Does changing one bit in a word consume less CPU cycles than changing an entire word?

If it consumes less CPU cycles, how much faster would it be?


Solution

  • Performance (in clock cycles) is not data-dependent for integer ALU instructions other than division on most CPUs. ADD and XOR have the same 1-cycle latency on the majority of modern pipelined CPUs. (And the same cycle cost as each other on most older / simpler CPUs, whether or not it's 1 cycle.)
    See https://agner.org/optimize/ and https://uops.info/ for numbers on modern x86 CPUs.

    Lower power can indirectly affect performance by allowing higher boost clocks without having to slow down for thermal limits. But the difference in this case is so small that I don't expect it would be a measurable difference on a mainstream CPU, like the efficiency cores of an Alder Lake, or even a mobile phone CPU that's more optimized for low power.


    Power in a typical CPU (using CMOS logic) scales with how many gates have their outputs change value per cycle. When a transistor switches on, it conducts current from Vcc or to ground, charging or discharging the tiny parasitic capacitance of the things the logic gate's output is connected to. Since the majority of the (low) resistance in the path of that current is in the transistor itself, that's where the electrical energy turns into heat.

    For more details, see:


    ADD does require carry propagation potentially across the whole width of the word, e.g. for 0xFFFFFFFF + 1, so ALUs use tricks like carry-lookahead or carry-select to keep the worst case gate-delay latency within one cycle.

    So ADD involves more gates than a simple bitwise operation like XOR, but still not many compared to the amount of gates involved in controlling all the decode and other control logic to get the operands to the ALU and the result written back (and potentially bypass-forwarded to later instructions that use the result right away.)

    Also, a typical ALU probably doesn't have fully separate adder vs. bitwise units, so a lot of those adder gates are probably seeing their inputs change, but control signals block carry propagation. (i.e. a typical ALU implements XOR using a lot of the same gates as ADD, but with control signals controlling AND gates or something to all or block carry propagation.

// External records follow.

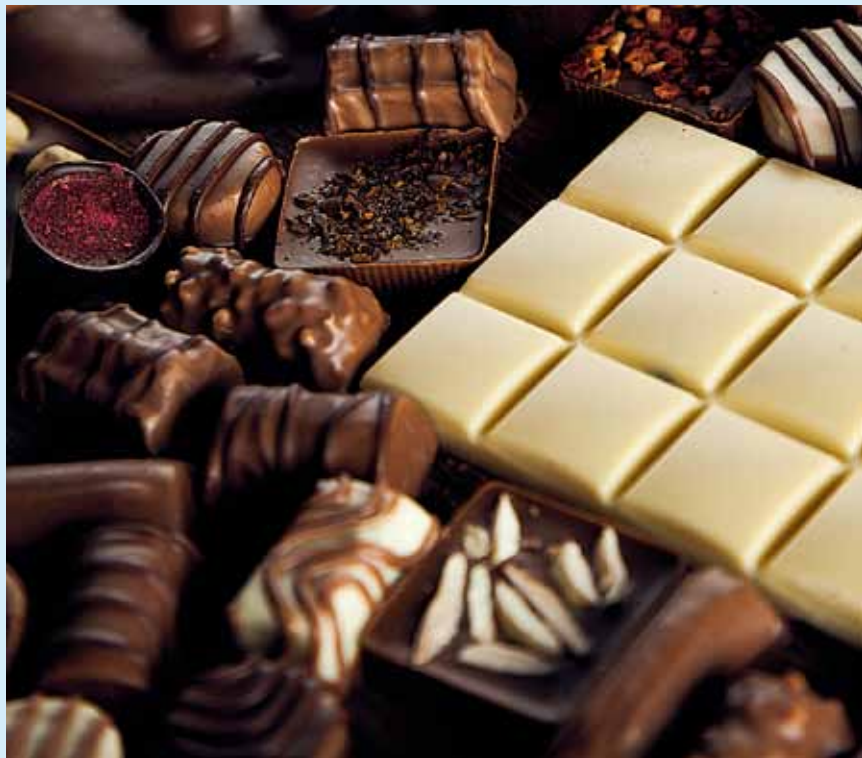
WSRÓD TOWARÓW CZEKOLADOWYCH AZ 70% SPRZEDAŻY STANOWIŁY NADZIEWANE WYROBY CZEKOLADOWE ORAZ RÓŻNEGO RODZAJU CZEKOLADY ■ STUFFED CHOCOLATE PRODUCTS AND CHOCOLATE OF VARIOUS KINDS REPRESENTED AS MUCH AS 70% OF THE SALES FROM AMONG CHOCOLATE PRODUCTS ■ UNTER SCHOKOLADENWAREN BILDETEN GEFÜLLTE SCHOKOLADENPRODUKTE UND VERSCHIEDENARTIGE SCHOKOLADEN NICHT WENIGER ALS 70% DES VERKAUFS

Die Ausfuhr der Pilze und der Gemüse nach Deutschland hat dagegen polnischen Exporteuren den Gewinn von etwa
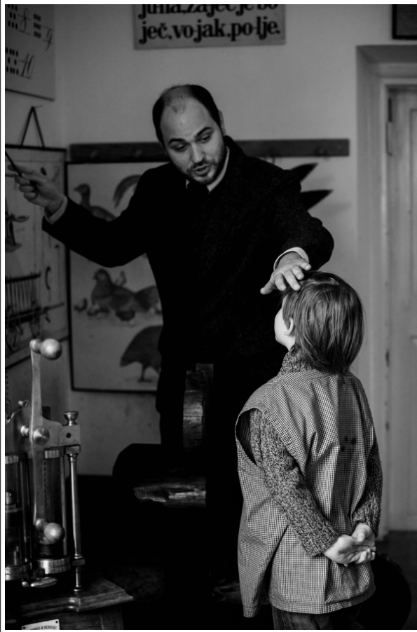
Prešernov dan v SŠM, 8. februarja 2018

enako. Nekoliko presenetljivo je tudi, da je število domačih obiskovalcev z izdanimi vstopnicami večje kot leta 2017. Z ozirom na dogodke med letom, pa je občutno zmanjšanje števila obiskovalcev brez izdanih vstopnic bolj pričakovano. Muzej je v danih okoliščinah, v katerih so hkrati potekala obnovitvena gradbena dela in priprava razstave, zelo uspešno, četudi v nekoliko okrnjeni obliki in obsegu izvedel celoten pedagoško-andragoški program in mu je uspelo ohraniti visoko raven obiska, ki je po posameznih področjih celo boljši kot v preteklem zelo uspešnem letu.
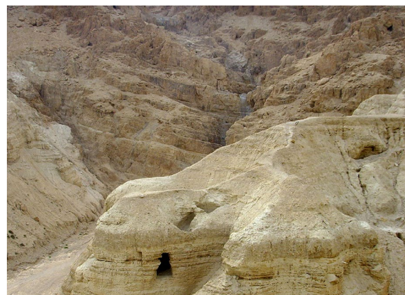
Кумранские пещеры.

Ответы на все эти вопросы мы сможем получить только тогда, когда хотя бы часть зарытых сокровищ будет обнаружена археологами. Или когда придет Машиах, да придет он вскоре, в наши дни! А до тех пор тайна Медного свитка останется тайной, будоража воображение и археологов, и кладоискателей.
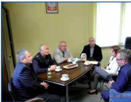
Bei der Übergabe der Spende

Insgesamt sind dabei fast 4000 Euro zusammengekommen.
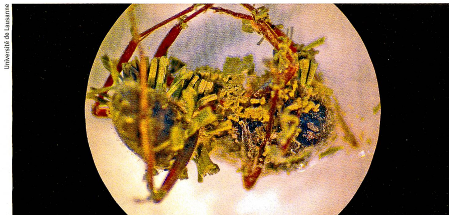
Une fourmi tuée par le champignon Metarhizium anisopliae (en vert).
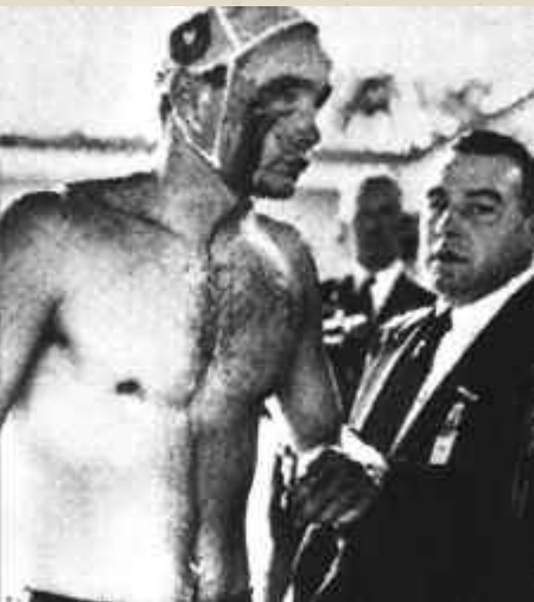
URSS-Ungheria finì con una incredibile rissa
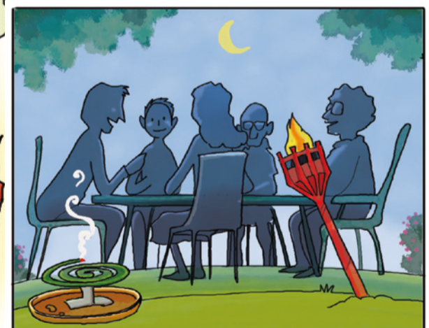
QUANDO SOGGIORNI ALL'APERTO, PROTEGGITI CON REPELLENTI AMBIENTALI. (*)
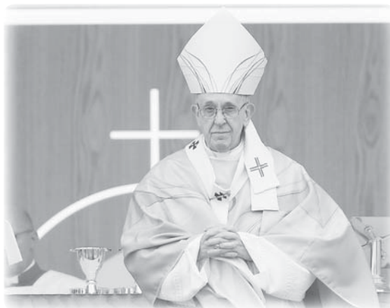
Papež František při mši svaté na Světovém setkání rodin 26. srpna 2018 v irském Dublinu

tého. Jejich každodenně dosvědčovaná věrnost Kristu uchvátila srdce, vroucně toužící po slovu milosti, a přispěla k vytvoření evropské kultury. A toto svědec-
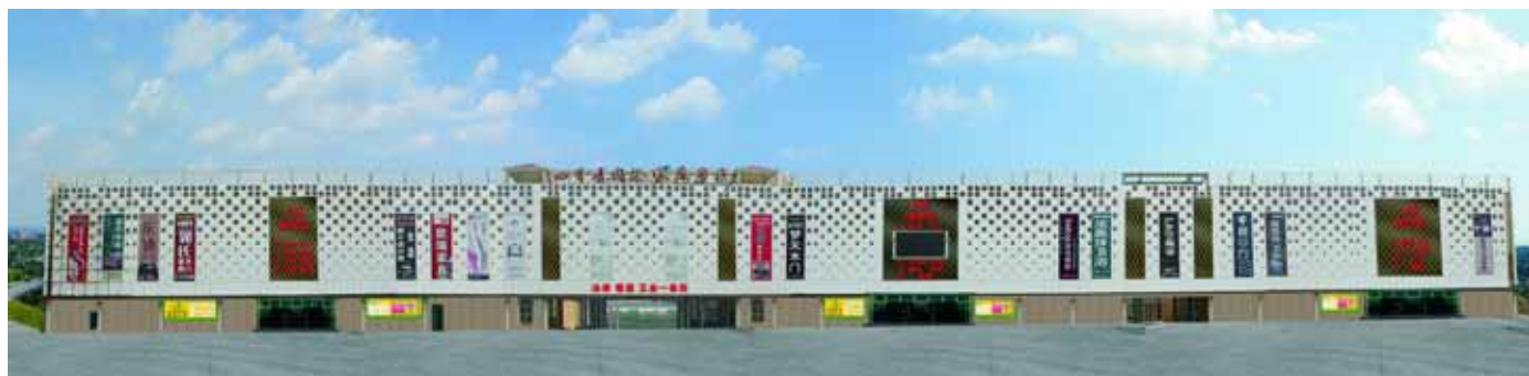
鹤壁最大的家具建材卖场四季青国际家具广场。
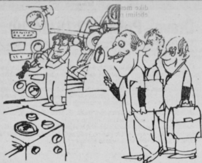
Ti kar pridno delaj, mi trije pa gremo ustvarjat pravilnik o stimulativnejšem nagrazevanju.

XOR is add-without-carry.) An integer ALU in a CPU will usually be at least an adder-subtractor so one of the inputs is coming through multiple gates, with other control signals that can make it do bitwise ops.

    But there's still maybe a few fewer bit-flips when doing an XOR operation than an ADD. Partly it would depend what the previous outputs were (of whatever computation it did in the previous cycle, not the value of one of the inputs to the XOR). But with carry propagation blocked by AND gates, flipping the inputs to those gates doesn't change the outputs, so less capacitance is charged or discharged.

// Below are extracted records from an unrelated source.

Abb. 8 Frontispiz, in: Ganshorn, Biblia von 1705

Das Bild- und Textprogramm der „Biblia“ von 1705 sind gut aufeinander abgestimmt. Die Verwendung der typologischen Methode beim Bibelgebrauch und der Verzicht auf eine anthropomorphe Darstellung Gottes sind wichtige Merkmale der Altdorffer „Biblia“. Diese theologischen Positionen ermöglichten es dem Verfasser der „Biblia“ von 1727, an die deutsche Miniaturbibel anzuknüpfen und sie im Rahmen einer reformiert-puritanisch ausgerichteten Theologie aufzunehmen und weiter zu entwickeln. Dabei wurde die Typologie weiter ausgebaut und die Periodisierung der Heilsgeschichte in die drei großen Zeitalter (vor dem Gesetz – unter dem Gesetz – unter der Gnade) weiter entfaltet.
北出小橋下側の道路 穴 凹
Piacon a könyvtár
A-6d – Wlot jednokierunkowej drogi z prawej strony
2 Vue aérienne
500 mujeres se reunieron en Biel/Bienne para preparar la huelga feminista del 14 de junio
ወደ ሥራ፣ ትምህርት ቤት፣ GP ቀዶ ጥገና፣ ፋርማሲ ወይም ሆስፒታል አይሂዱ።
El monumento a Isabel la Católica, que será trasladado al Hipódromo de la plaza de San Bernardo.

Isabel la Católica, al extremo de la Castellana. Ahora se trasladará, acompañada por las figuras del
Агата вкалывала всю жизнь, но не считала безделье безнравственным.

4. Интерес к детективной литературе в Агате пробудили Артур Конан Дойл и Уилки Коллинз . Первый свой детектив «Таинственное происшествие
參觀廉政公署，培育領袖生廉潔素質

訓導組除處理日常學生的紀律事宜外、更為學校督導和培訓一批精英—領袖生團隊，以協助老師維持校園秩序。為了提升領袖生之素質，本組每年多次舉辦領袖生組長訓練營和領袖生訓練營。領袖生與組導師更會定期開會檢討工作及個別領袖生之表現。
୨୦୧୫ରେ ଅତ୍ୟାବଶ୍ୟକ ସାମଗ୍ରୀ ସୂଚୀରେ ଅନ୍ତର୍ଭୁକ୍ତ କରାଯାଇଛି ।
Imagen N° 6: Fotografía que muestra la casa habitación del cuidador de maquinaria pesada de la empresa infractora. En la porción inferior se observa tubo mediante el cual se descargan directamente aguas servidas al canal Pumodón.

    In a high-performance CPU, a lot of power is spent on pipelining and out-of-order exec, tracking instructions in flight, and writing back the results. So even the whole ALU ADD operation is a pretty minor component of total energy cost to execute the instruction. Small differences in that power due to operands are an even smaller difference. Pretty much negligible compared to how many gates flip every clock cycle just to get data and control signals sent to the right place.


    Another tiny effect: if your CPU didn't do register renaming, then possibly a few fewer transistors might flip (in the register file's SRAM) when writing back the result if it's almost the same as what that register held before.

    (Assuming an ISA like x86 where you do xor dst, src for dst ^= src, not a 3-operand ISA where xor dst, src1, src2 could be overwriting a different value if you didn't happen to pick the same register for dst and src1.)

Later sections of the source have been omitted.